Many researchers have suggested that the greater robusticity and resultant strength of Neandertal femora, compared with those of modern humans, is due to extended use while foraging and hunting. This is known as the mobility hypothesis. This study examines that hypothesis by examining skeletal features and ranging behaviors in a large sample of living primates to determine if use equates with greater robusticity. Results will inform the fields of anthropology, primatology, orthopedics, engineering, and quantitative genetics. The study also impacts understanding of the femur's mechanical environment, which could aid the development of hip prosthetics. Furthermore, this study improves understanding of the correlation between genetics and femoral morphology, and promotes interdisciplinarity between engineering and social sciences.
The Neanderthal femur differs from that of recent modern humans in four ways that suggest it is more robust, or biomechanically stronger: it is more curved, has thicker bone, a round rather than elliptical shaft, and a smaller neck-shaft angle. These differences may be explained by the mobility hypothesis. Due to subsistence strategies relying heavily on the exploitation of animal resources, Neanderthals may have been traveling farther than modern humans in search of food, and would thus be loading their lower limbs to a greater extent. This study tests the mobility hypothesis using a three phase approach. The first phase establishes a comparative basis relating mobility to femoral skeletal features in 35 species of living primates with documented ranging behavior, using a method that will produce and disseminate hundreds of computerized 3D surface models. The second phase analyzes the degree to which key skeletal features are heritable or environmentally produced using 21 strains of inbred laboratory mice totaling 413 individuals. The final phase explores the strength of complete Neanderthal and modern human femora within each species' particular anatomical context, using an engineering technique (finite element analysis) designed to investigate how complex structures respond to loads, and include the impact of realistic muscle and hip joint reaction forces.

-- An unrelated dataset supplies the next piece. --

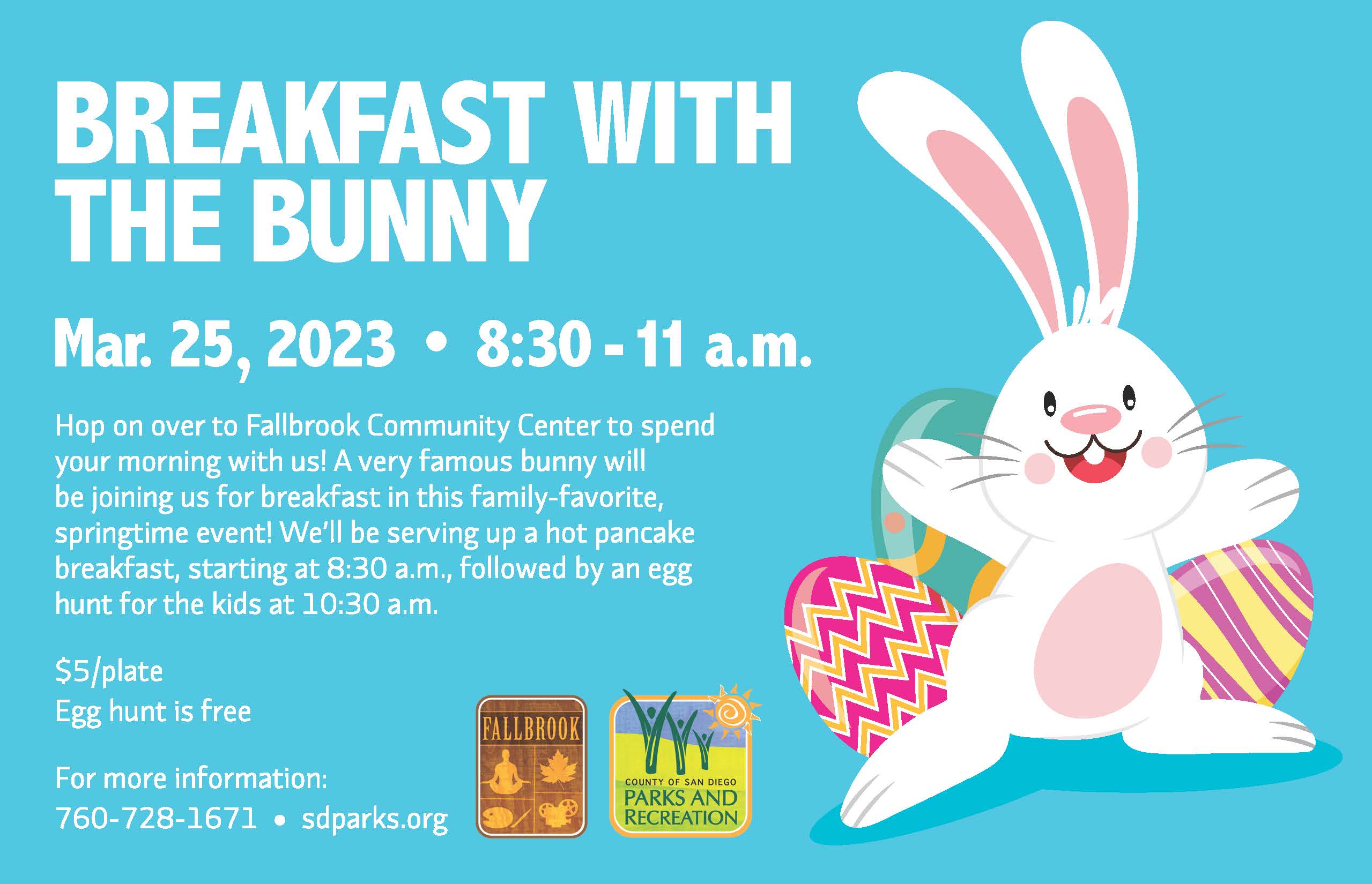 Hop on over to the Fallbrook Community Center to spend your morning with us! A very famous bunny will be joining us for breakfast in this family-favorite, springtime event! We'll be serving up a hot pancake breakfast, starting at 8:30 a.m., followed by an egg hunt for the kids at 10:30 a.m.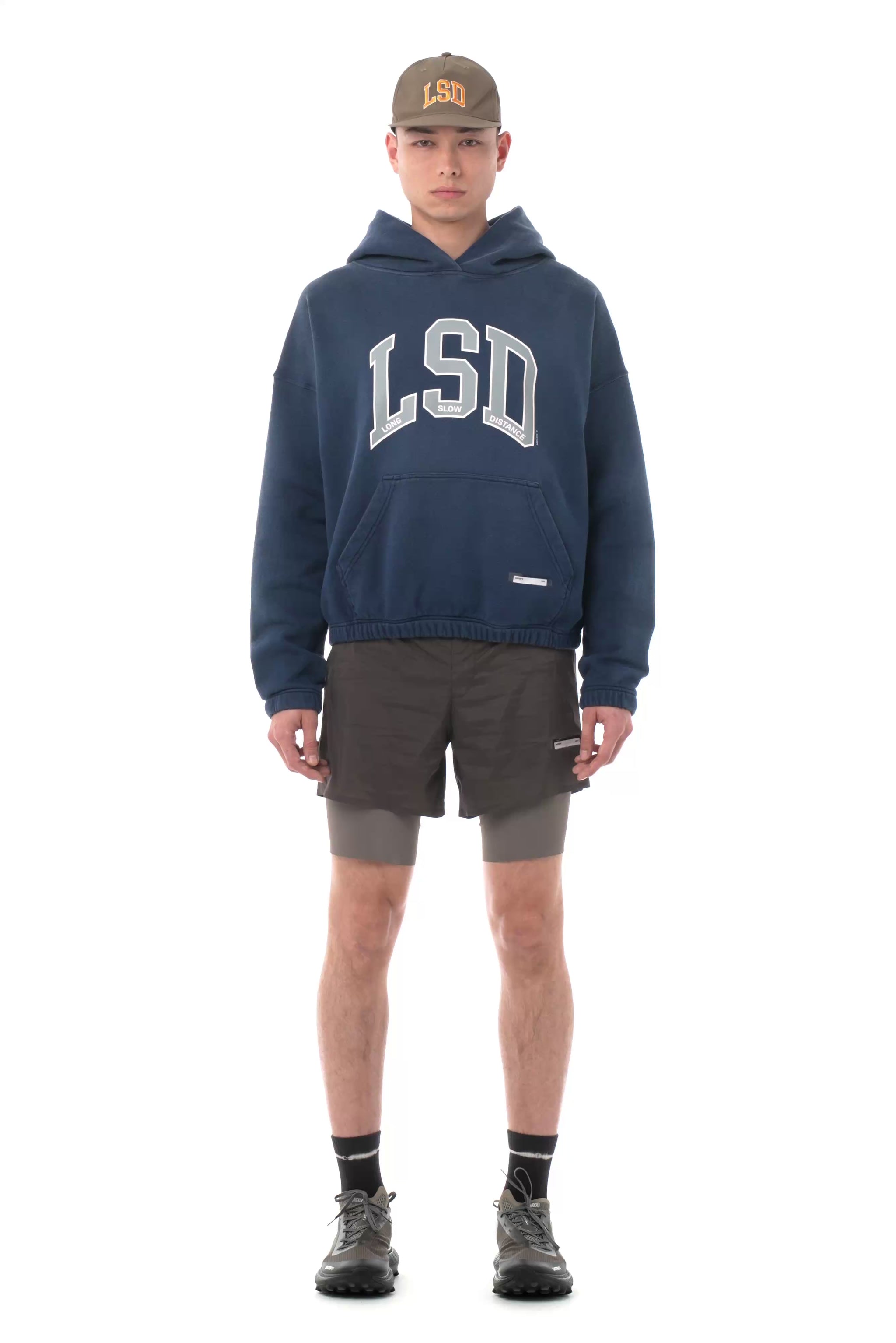 LSD varsity print arched across the frontside.

Thanks to funding from NSF, we were able to travel to and access primate skeletal collections from four museums across the country and abroad. This allowed us to create over 400 3-dimensional surface models of primate long bones from four genera of primates including macaques, guenons, tamarins, and baboons. Once our analyses are complete, the data gathered from the surface scans will inform us about the correlation between bone shape and ranging behavior, information relevant to the fields of primatology, osteology, anthropology, and others. These surface models will be entered into a database with access granted to other researchers dependent upon museum policies and restrictions. Computer models of a Neanderthal and modern human femur were created and several experiments modeling human walking were performed. Results from these experiments lead us to conclude that muscles play a significant role in the femur’s bending behavior. Muscles reduce the overall amount of femoral bending during walking, and also shift the bending direction through the shaft of the bone from side-to-side to front-to-back. These results are beneficial to anyone working with finite element analysis, especially those using this method for application to biological structures. Furthermore, although the Neanderthal femur is typically described as being stronger than the human femur, our results indicate the opposite. In each experiment, the human femur model experienced less stress than the Neanderthal femur, which indicates that humans are as well or better adapted as Neanderthals to walking long distances on level terrain, a finding that will impact our understanding of differences in lifestyle between Neanderthals and modern humans. In addition to allowing us to compare Neanderthal and modern humans specifically, this study improves our general understanding of the biomechanical environment of the femur during walking, a potentially important contribution to the field of orthopedics. The computer models created during this project will be uploaded to the BioMesh website (www.BioMesh.org) for use by other researchers interested in femoral biomechanics. The creation of these computer models is one of the most time consuming processes involved in modeling experiments, therefore sharing of resources and dissemination of previously constructed models with increasingly sophisticated morphology should be a great asset to others involved in this field.